▸ Input data:
────

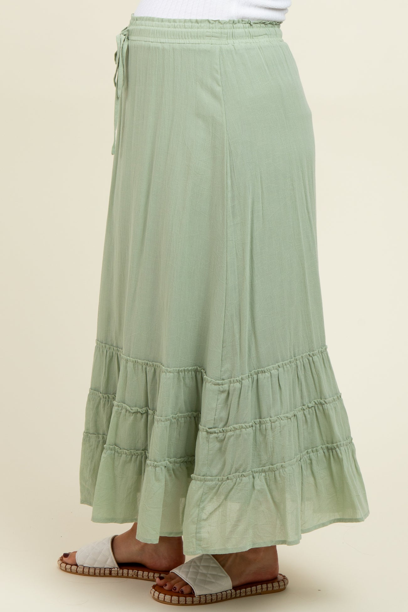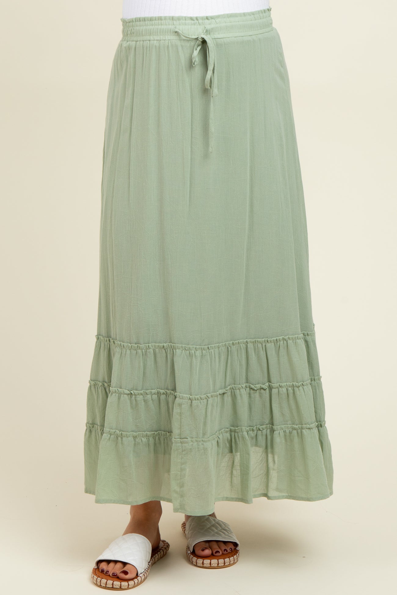 Light Olive Drawstring Layered Ruffle Hem Maternity Maxi Skirt
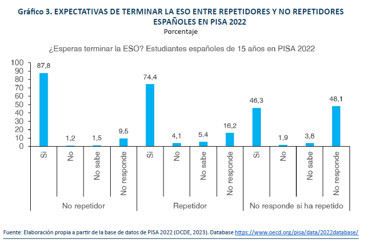 El análisis de las expectativas académicas de los estudiantes españoles de 15 años con los datos de PISA 2022 nos permite examinar las características del alumnado que podría estar en riesgo de abandonar su formación, lo que podría ayudar a desarrollar estrategias más dirigidas y personalizadas para apoyar su permanencia en el sistema educativo. El sistema educativo español tiene más repetidores, tanto en primaria como en la ESO, que el promedio de la OCDE. En PISA 2022, un 10,1 % del alumnado español había repetido en primaria al menos una vez, una proporción que es casi el doble que el 5,8 % de la OCDE (OCDE, 2023b). Un 14,9 % de los estudiantes españoles de 15 años había repetido al menos en una ocasión algún curso de la ESO, cuando en los países más desarrollados ese porcentaje es del 4,2 %. El gráfico 3 muestra que el 87,8 % de los estudiantes no-repetidores españoles de 15 años señala que espera terminar la ESO, una proporción que disminuye hasta el 74,4 % entre los que han repetido alguna vez, ya sea en Primaria o en la ESO. Entre el alumnado que no responde si ha repetido, la proporción de los que esperan terminar la ESO es del 46,3 %, el 1,9 % señala que no cree terminar la ESO (mayor que el 1,2 % de entre los no-repetidores), el 3,8 % que no lo sabe (superior al 1,5 % de entre los no-repetidores) y un 48,1 % tampoco ha respondido sobre si espera terminar estos.
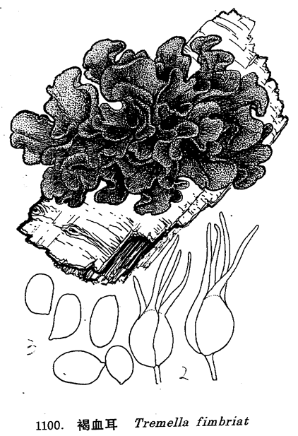 图 1100 褐血耳 : 1.子实体, 2.担子, 3.孢子。
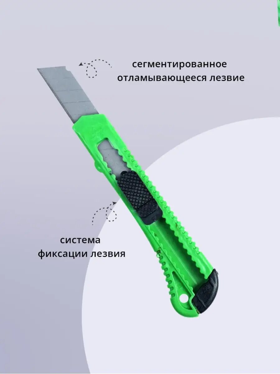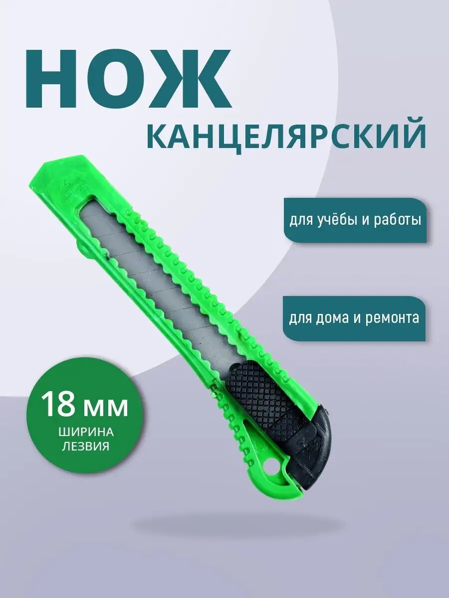 Канцелярский нож строительный для резки бумаги 18 мм, цвет зеленый интересное:
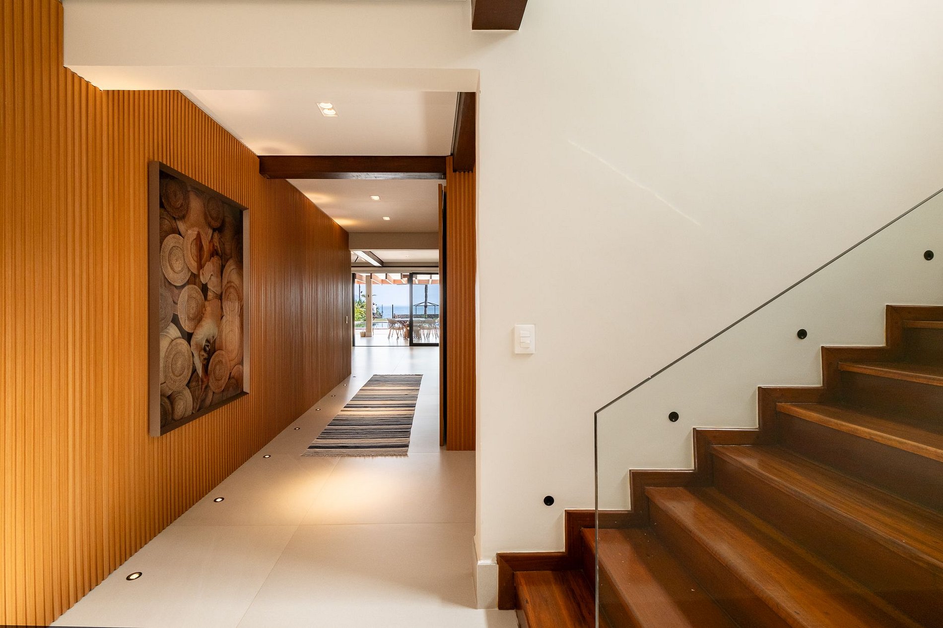 Ambientes amplos e integrados com o exterior, cercados por grandes aberturas que permitem entrada abundante de luz natural e vista para o mar.
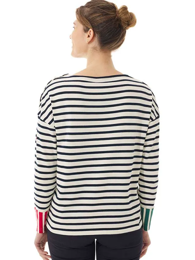 Nautical take on the classic ecru and navy Breton top brought by French label Mousqueton, perfect for sailing enthusiasts. Just in case one may forget its port and starboard sides, this ladies' striped top will always be there as a referential. Made in cream medium weight cotton with navy blue stripes, we like the classic shoulder opening with its red anchor buttons, his long cuffs in nautical colours: in green with the right sleeve to define Starboard embroidered in French as "à tribord" and red with the left sleeve to define Port embroidered in French as "à bâbord".
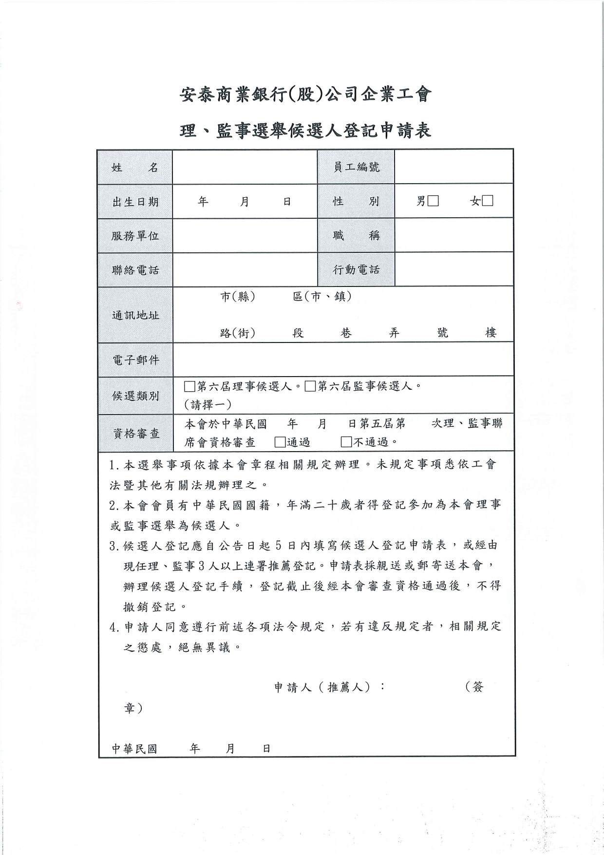 安泰銀行企業工會第六屆理監事選舉登記申請表
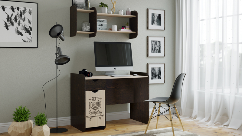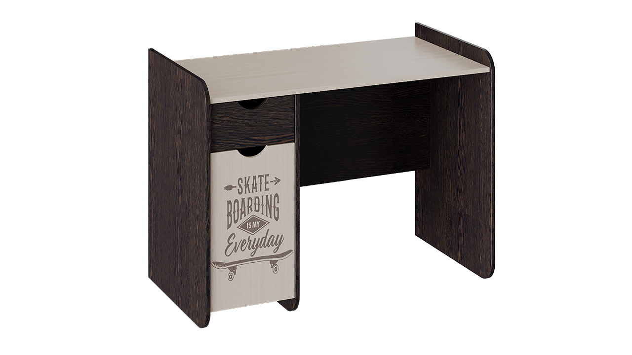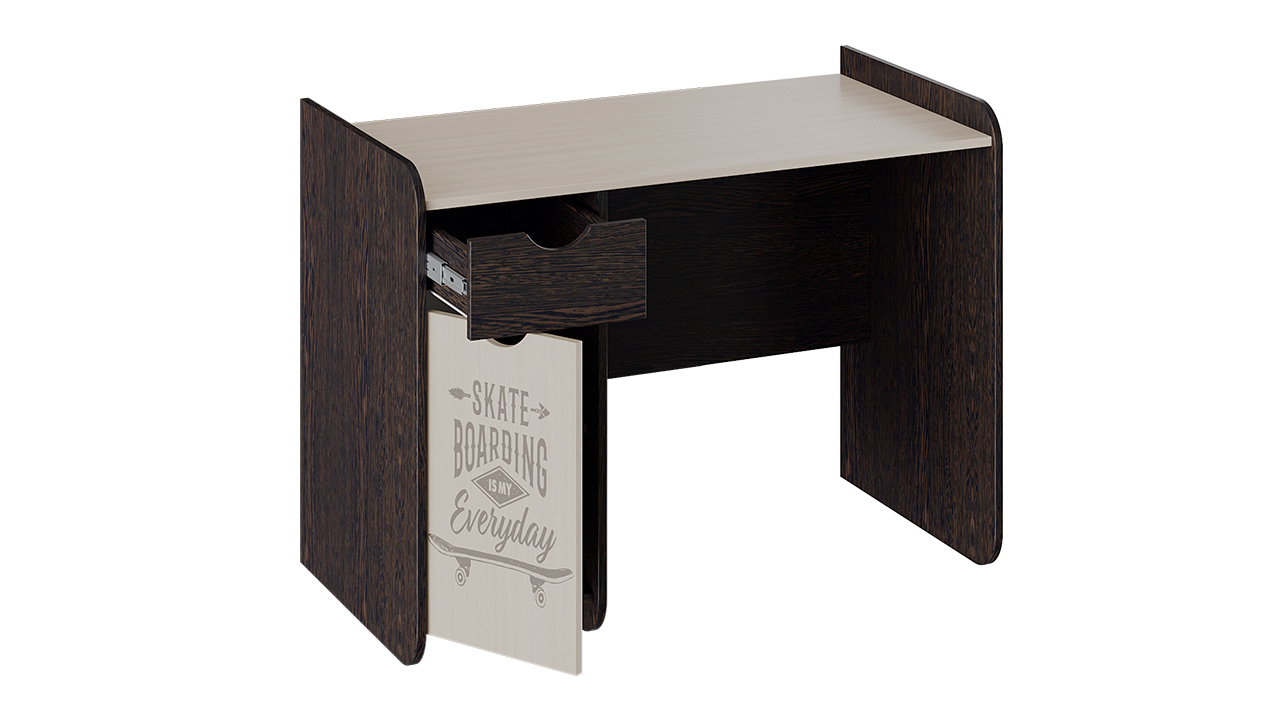 Компьютерный стол Найс — рабочее место для школьника.Стол  имеет скругленные углы, что делает изделие более безопасным.В левой части стола расположен выдвижной ящик на шариковых направляющих и полки за распашной дверкой.Стол изготовлен из ЛДСП, фасад декорирован рисунком.Сборка неуниверсальная.
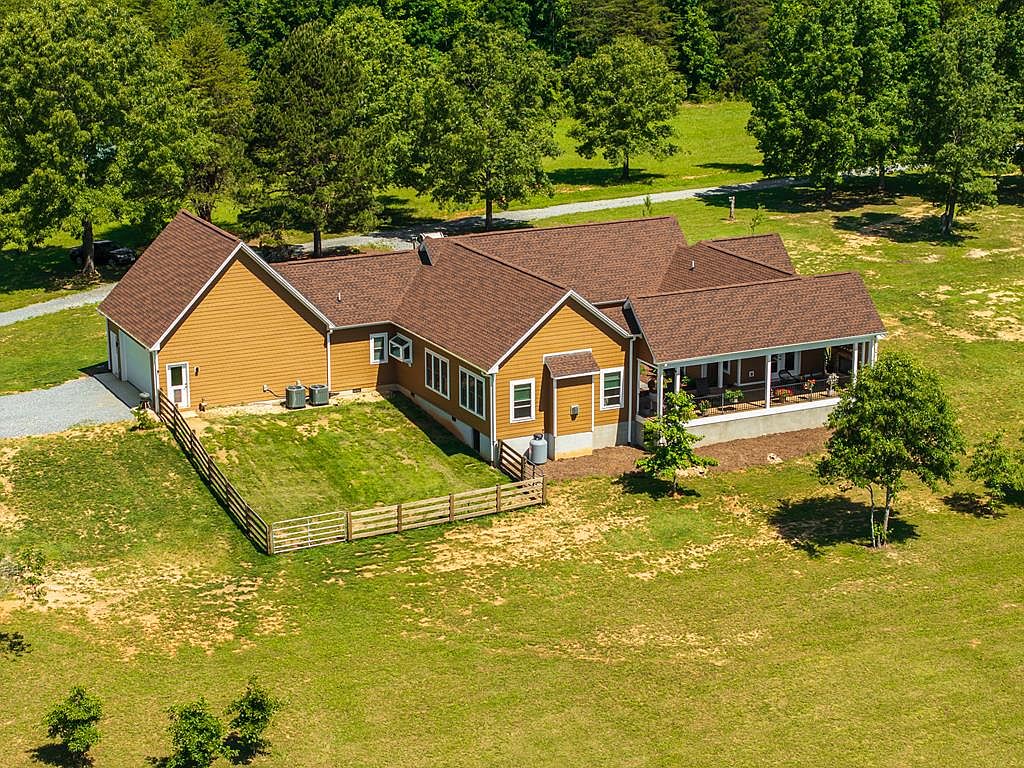 This aerial perspective reveals a spacious, single-story home set amid a large, open grassy area with several mature trees. The house features a warm, mustard-yellow siding complemented by a rich brown shingle roof, evoking a cozy countryside aesthetic. Architectural elements include multiple gables and a wraparound covered porch adorned with comfortable seating, providing inviting outdoor living space. A fenced yard section sits adjacent to the building, indicating an area possibly designated for pets or gardening. The driveway leads to a garage, and the property blends rustic charm with functional modernity within a tranquil natural setting.
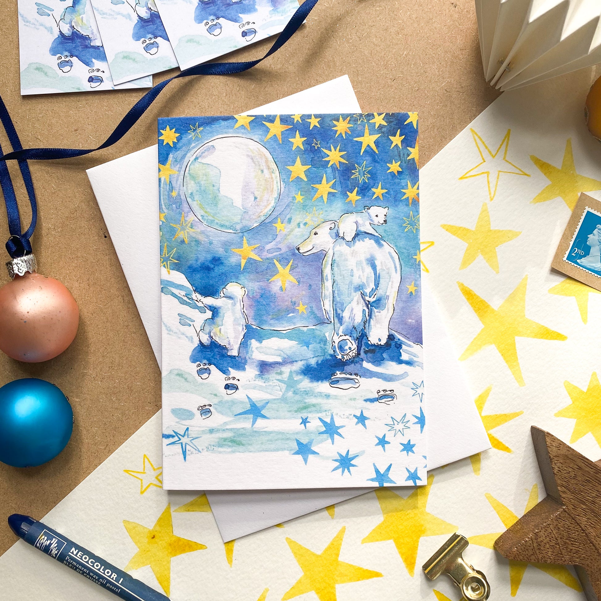 The ‘Striding Home for Christmas’ card design is created from Polly’s original pen and ink illustrations of polar bears, the moon and stars.

────

▸ Task prompt:
Exclude images. Return the data above verbatim.

▸ Response for this exercise:
 Light Olive Drawstring Layered Ruffle Hem Maternity Maxi Skirt
 El análisis de las expectativas académicas de los estudiantes españoles de 15 años con los datos de PISA 2022 nos permite examinar las características del alumnado que podría estar en riesgo de abandonar su formación, lo que podría ayudar a desarrollar estrategias más dirigidas y personalizadas para apoyar su permanencia en el sistema educativo. El sistema educativo español tiene más repetidores, tanto en primaria como en la ESO, que el promedio de la OCDE. En PISA 2022, un 10,1 % del alumnado español había repetido en primaria al menos una vez, una proporción que es casi el doble que el 5,8 % de la OCDE (OCDE, 2023b). Un 14,9 % de los estudiantes españoles de 15 años había repetido al menos en una ocasión algún curso de la ESO, cuando en los países más desarrollados ese porcentaje es del 4,2 %. El gráfico 3 muestra que el 87,8 % de los estudiantes no-repetidores españoles de 15 años señala que espera terminar la ESO, una proporción que disminuye hasta el 74,4 % entre los que han repetido alguna vez, ya sea en Primaria o en la ESO. Entre el alumnado que no responde si ha repetido, la proporción de los que esperan terminar la ESO es del 46,3 %, el 1,9 % señala que no cree terminar la ESO (mayor que el 1,2 % de entre los no-repetidores), el 3,8 % que no lo sabe (superior al 1,5 % de entre los no-repetidores) y un 48,1 % tampoco ha respondido sobre si espera terminar estos.
 图 1100 褐血耳 : 1.子实体, 2.担子, 3.孢子。
 Канцелярский нож строительный для резки бумаги 18 мм, цвет зеленый интересное:
 Ambientes amplos e integrados com o exterior, cercados por grandes aberturas que permitem entrada abundante de luz natural e vista para o mar.
 Nautical take on the classic ecru and navy Breton top brought by French label Mousqueton, perfect for sailing enthusiasts. Just in case one may forget its port and starboard sides, this ladies' striped top will always be there as a referential. Made in cream medium weight cotton with navy blue stripes, we like the classic shoulder opening with its red anchor buttons, his long cuffs in nautical colours: in green with the right sleeve to define Starboard embroidered in French as "à tribord" and red with the left sleeve to define Port embroidered in French as "à bâbord".
 安泰銀行企業工會第六屆理監事選舉登記申請表
 Компьютерный стол Найс — рабочее место для школьника.Стол  имеет скругленные углы, что делает изделие более безопасным.В левой части стола расположен выдвижной ящик на шариковых направляющих и полки за распашной дверкой.Стол изготовлен из ЛДСП, фасад декорирован рисунком.Сборка неуниверсальная.
 This aerial perspective reveals a spacious, single-story home set amid a large, open grassy area with several mature trees. The house features a warm, mustard-yellow siding complemented by a rich brown shingle roof, evoking a cozy countryside aesthetic. Architectural elements include multiple gables and a wraparound covered porch adorned with comfortable seating, providing inviting outdoor living space. A fenced yard section sits adjacent to the building, indicating an area possibly designated for pets or gardening. The driveway leads to a garage, and the property blends rustic charm with functional modernity within a tranquil natural setting.
 The ‘Striding Home for Christmas’ card design is created from Polly’s original pen and ink illustrations of polar bears, the moon and stars.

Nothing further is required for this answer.